Trying an AI with the resolution of a medical affair makes the mistake of “starting at the end”, according to Gurpreet Dhaliwal, doctor at the University of California in San Francisco, that the Times Once described as “one of the most skilful clinical diagnoses in practice”. In the opinion of Dhaliwal, the doctors would better ask AI help for “orientation”: instead of asking what has missed a patient, a doctor could ask a model to identify the trends in the patient’s trajectory, as well as important details that the doctor could have missed. The model would not give the doctor’s orders to follow; Instead, he could alert him to a recent study, offer a useful blood test or find a laboratory lead to a medical file for several decades. Dhaliwal’s vision for medical AI recognizes the difference between diagnosing people and taking care of them. “Just because you have a Japanese-English dictionary in your office

“I don’t care what they call – I need my iced coffee to be at least as large.”

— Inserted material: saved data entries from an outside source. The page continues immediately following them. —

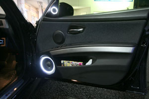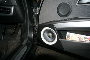 運転席下にデッキをインストール!、ドアをワンオフ加工してミッドレンジとスコーカーをインストール、ドアミラー裏にツイーターとして3ウェイ仕様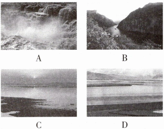 (2)【辨景观】地理学家郦道元在《水经注》中这样描述:“自三峡七百里中,两岸连山,略无阙处。重岩叠嶂,隐天蔽日,自非亭午夜分,不见曦月。”下图中能体现文中所描绘的景观的一项是(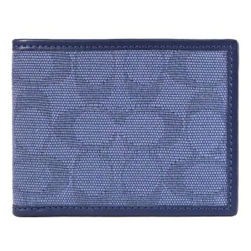 COACH 男款 荔枝紋浮雕LOGO六卡短夾-藍色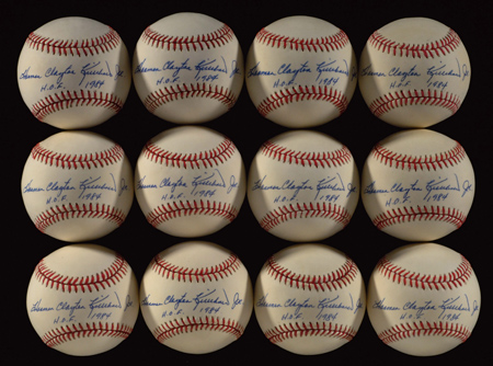 Description:Lot of (24) Harmon Killebrew full name single signed baseballs. Two dozen Rawlings B.Brown OAL baseballs, each signed on the sweetspot, "Harmon Clayton Killebrew Jr" with added "HOF 1984" inscription. Blue ink signatures rate 8 to 9 out of 10. Approximately (6) have slight smudge and/or ink transfer and a larger portion are slightly affected by very minor scattered toning. Includes auction LOA from JSA and letter of provenance from Nita Killebrew: Range EX/MT-NM/MT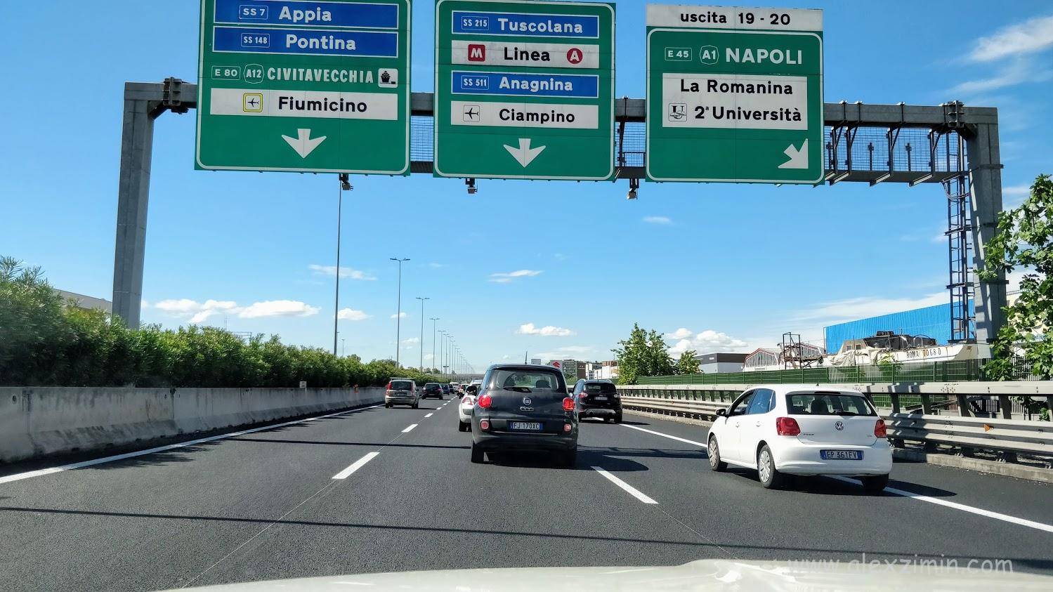 Указатели на трассе на римские аэропорты Чампино и Фьюмичино. А если направо пойдешь, в Неаполь попадешь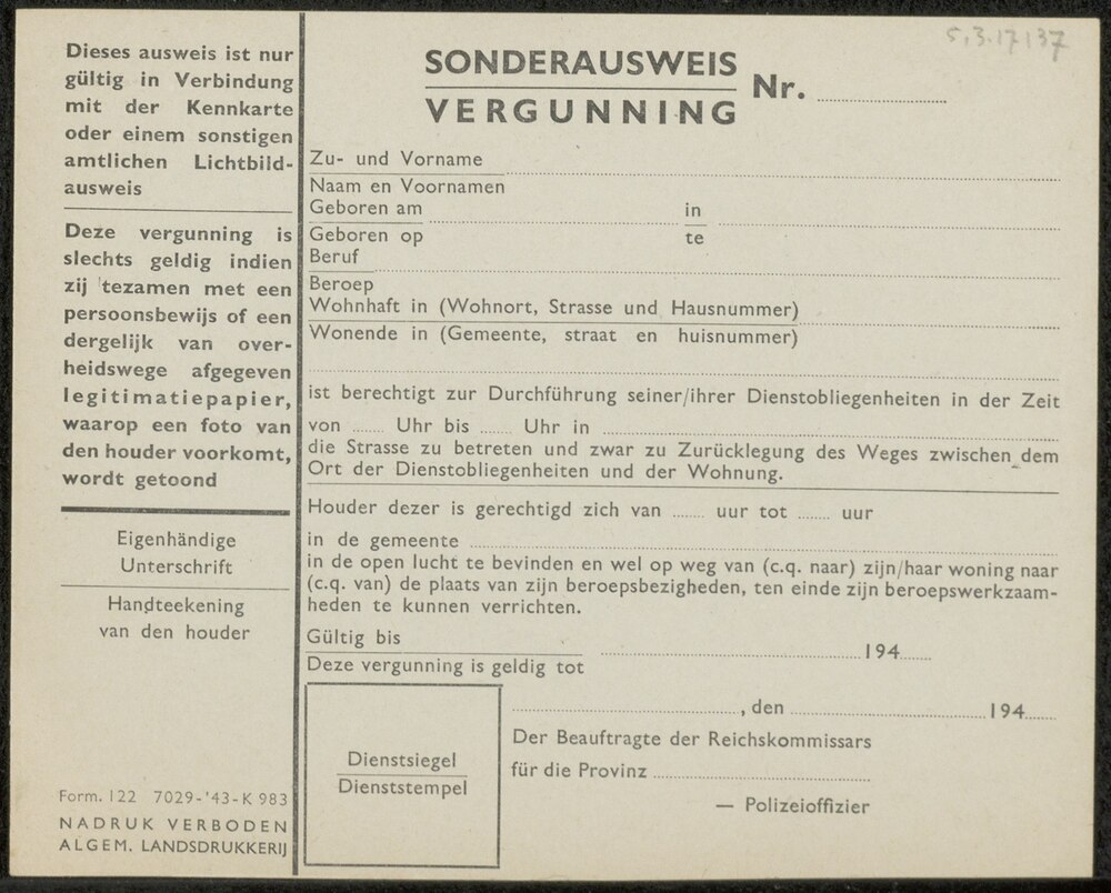 Sonderausweis/vergunning (K.983) blanco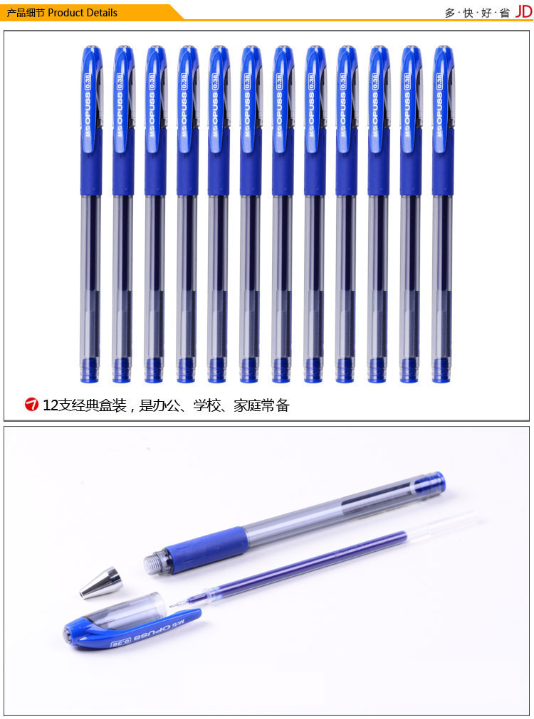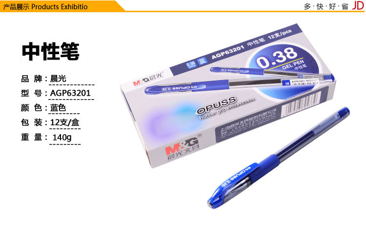 • 商品名稱:晨光(M&G)0.38mm藍色全針管中性筆簽字筆水筆 12支/盒AGP63201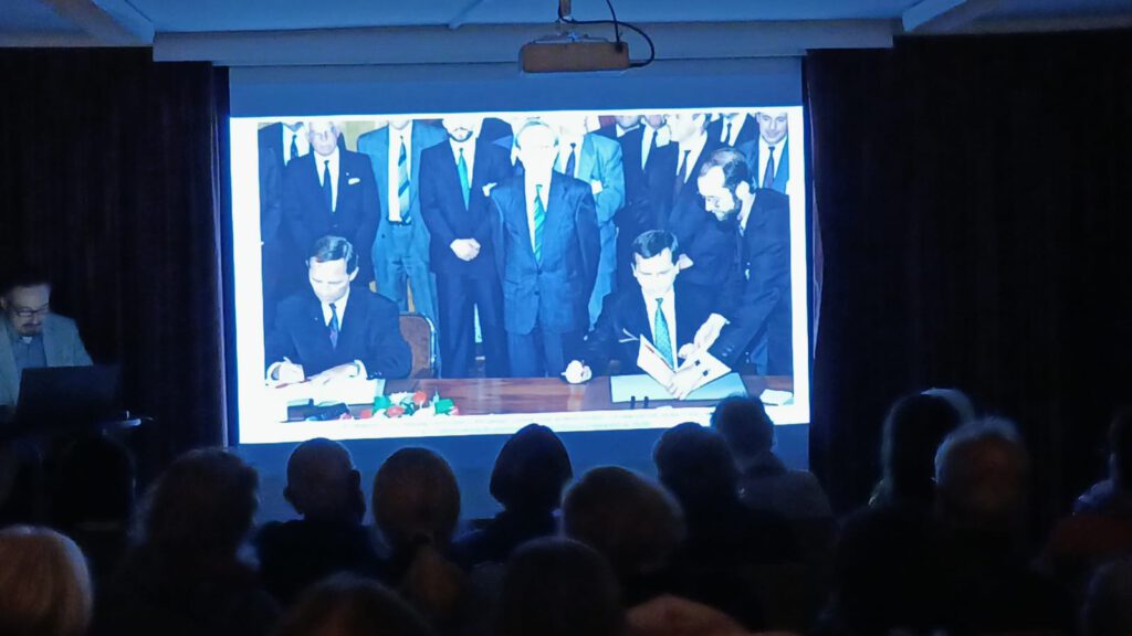 Am 3. Oktober feierte das Filmtheater Edenkoben den 35. Jahrestag der Deutschen Einheit mit einer gut besuchten Sonderveranstaltung. Oberstudienrat Thomas Hoffmann (Friedrich-Magnus-Schwerd-Gymnasium Speyer, Generaldirektion Kulturelles Erbe Rheinland-Pfalz) sprach unter der Leitfrage „Einigkeit und Recht und Freiheit?“ über die historischen Entwicklungen von 1945 bis zur Wiedervereinigung 1989 und deren Bedeutung für die Gegenwart.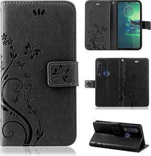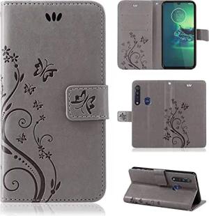 Hülle Kompatibel mit Motorola Moto G8 Plus | Premium PU Leder Handyhülle Wallet Case für Moto G8 Plus | Schutzhülle Blumen Klapphülle Handyhülle | Grau
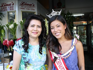 ■高祖父さんが中国からハワイ島へ移住 素敵な二コールさんが歩くと、沿道がざわざわ。知性と美を兼ね備えたミス・チャイナタウンになることは、大変な名誉なのです。チャイナタウン・カルチュラル・プラザを出て、その南に広がるチャイナタウンを歩きましょう。チャイナタウンにはレイのお店がたくさん。とあるお店で、二コールさんは素敵なレイをプレゼントしてもらいました。ハワイのアロハ・スピリットあふれるレイのプレゼントににっこりする二コールさん。レイのお店のオーナーさんと記念にパチリ。 |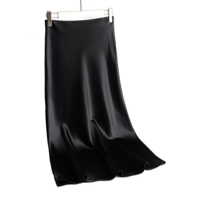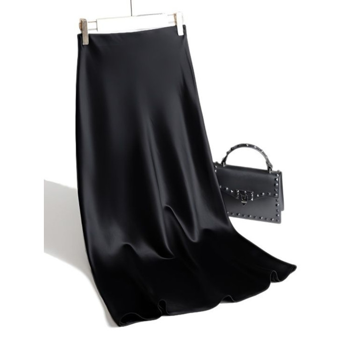高級感春夏絲滑垂墜半身裙仿醋酸緞面直筒型偏小a字裙中長裙高腰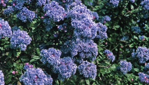 Ceanothus ‘Puget Blue’ is a real stalwart of the garden. This evergreen sets small, dark purple buds in early spring. These often begin to unfold a couple of weeks after Easter, creating dense masses of vibrant powder-blue flower balls that stand in stark contrast to their dark-green, veined leaves. Reduce any new shoots by a third after flowering has finished, feed generously after pruning and apply a mulch.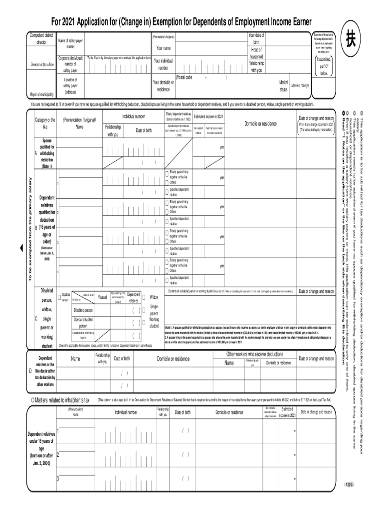 For 2021 Application for (Change in) Exemption for Dependents of Employment Income Earner Competent district directorCorporate (individual) number of salary payerDirector of tax officer name *To be

Cartoon by Lauren Simkin Berke

Cabot remains experimental, but other AI tools already shape patient care. Chatgpt is blocked on the network of my hospital, but I and many of my colleagues use Openevidence. The platform has license agreements with the best medical journals and says that it complies with the Law on Patients-Priverge Hipaa. Each of his responses cites a set of articles evaluated by peers, including sometimes an exact figure or a textual quote from a relevant article, to prevent hallucinations. When I gave Openevidence a recent case, he did not immediately try to solve the mystery but rather asked me a series of clarifying questions.